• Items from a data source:

● ● ● ● ● ● ●

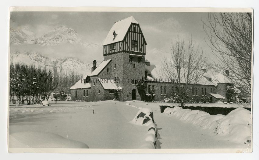 Photo of the Mt. Whitney Fish Hatchery covered in snow. It was purchased by Mrs. Louise Parcher.
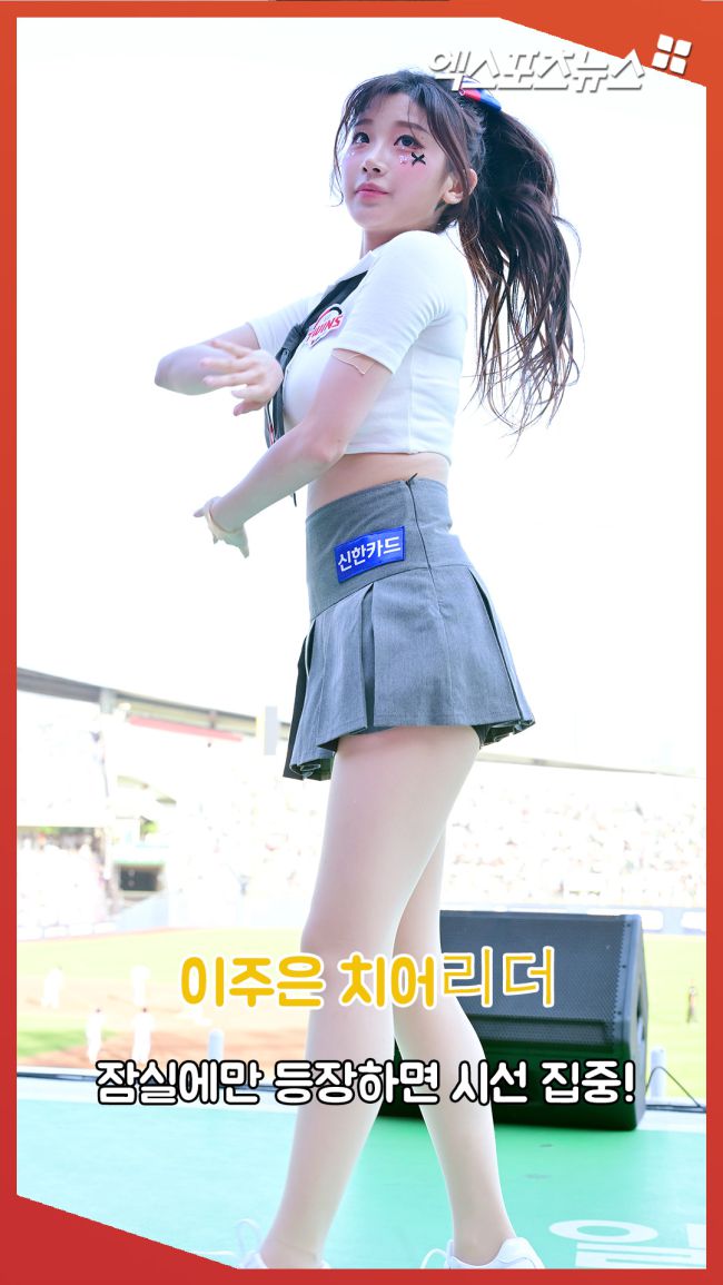 22일 오후 서울 송파구 잠실야구장에서 열린 '2025 신한 SOL Bank KBO리그' 두산 베어스와 LG 트윈스의 경기, 이주은 치어리더가 멋진 공연을 선보이고 있다. 김한준 기자 kowel@xportsnews.com
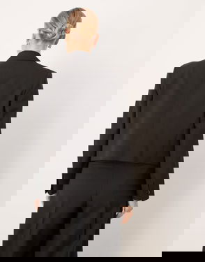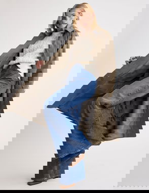 Wool Blindseam Contrast-Lapel Coat In Neutral
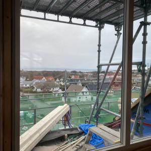 Vi har tagit lite bilder som visar utblickar från balkonger och loftgångar på vån 4. Byggnadsställningen skymmer havsutsikten lite, men bilderna visar den härliga utsikt man kommer att få!
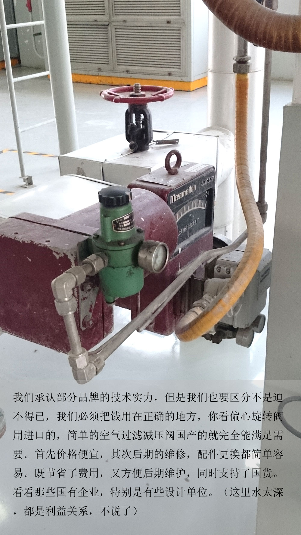我們承認(rèn)部分品牌的技術(shù)實(shí)力,但是我們也要區(qū)分不是迫不得已,我們必須把錢(qián)用在正確的地方,你看偏心旋轉(zhuǎn)閥用進(jìn)口的,簡(jiǎn)單的空氣過(guò)濾減壓閥國(guó)產(chǎn)的就完全能滿足需要。首先價(jià)格便宜,其次后期的維修,配件更換都簡(jiǎn)單容易。既節(jié)省了費(fèi)用,又方便后期維護(hù),同時(shí)支持了國(guó)貨。看看那些國(guó)有企業(yè),特別是有些設(shè)計(jì)單位。(這里水太深,都是利益關(guān)系,不說(shuō)了)

● ● ● ● ● ● ●

• EXERCISE GOAL: In the copy, keep every line of the data above exactly and drop each picture.

• OUTPUT OF THE EXERCISE:
 Photo of the Mt. Whitney Fish Hatchery covered in snow. It was purchased by Mrs. Louise Parcher.
 22일 오후 서울 송파구 잠실야구장에서 열린 '2025 신한 SOL Bank KBO리그' 두산 베어스와 LG 트윈스의 경기, 이주은 치어리더가 멋진 공연을 선보이고 있다. 김한준 기자 kowel@xportsnews.com
 Wool Blindseam Contrast-Lapel Coat In Neutral
 Vi har tagit lite bilder som visar utblickar från balkonger och loftgångar på vån 4. Byggnadsställningen skymmer havsutsikten lite, men bilderna visar den härliga utsikt man kommer att få!
我們承認(rèn)部分品牌的技術(shù)實(shí)力,但是我們也要區(qū)分不是迫不得已,我們必須把錢(qián)用在正確的地方,你看偏心旋轉(zhuǎn)閥用進(jìn)口的,簡(jiǎn)單的空氣過(guò)濾減壓閥國(guó)產(chǎn)的就完全能滿足需要。首先價(jià)格便宜,其次后期的維修,配件更換都簡(jiǎn)單容易。既節(jié)省了費(fèi)用,又方便后期維護(hù),同時(shí)支持了國(guó)貨。看看那些國(guó)有企業(yè),特別是有些設(shè)計(jì)單位。(這里水太深,都是利益關(guān)系,不說(shuō)了)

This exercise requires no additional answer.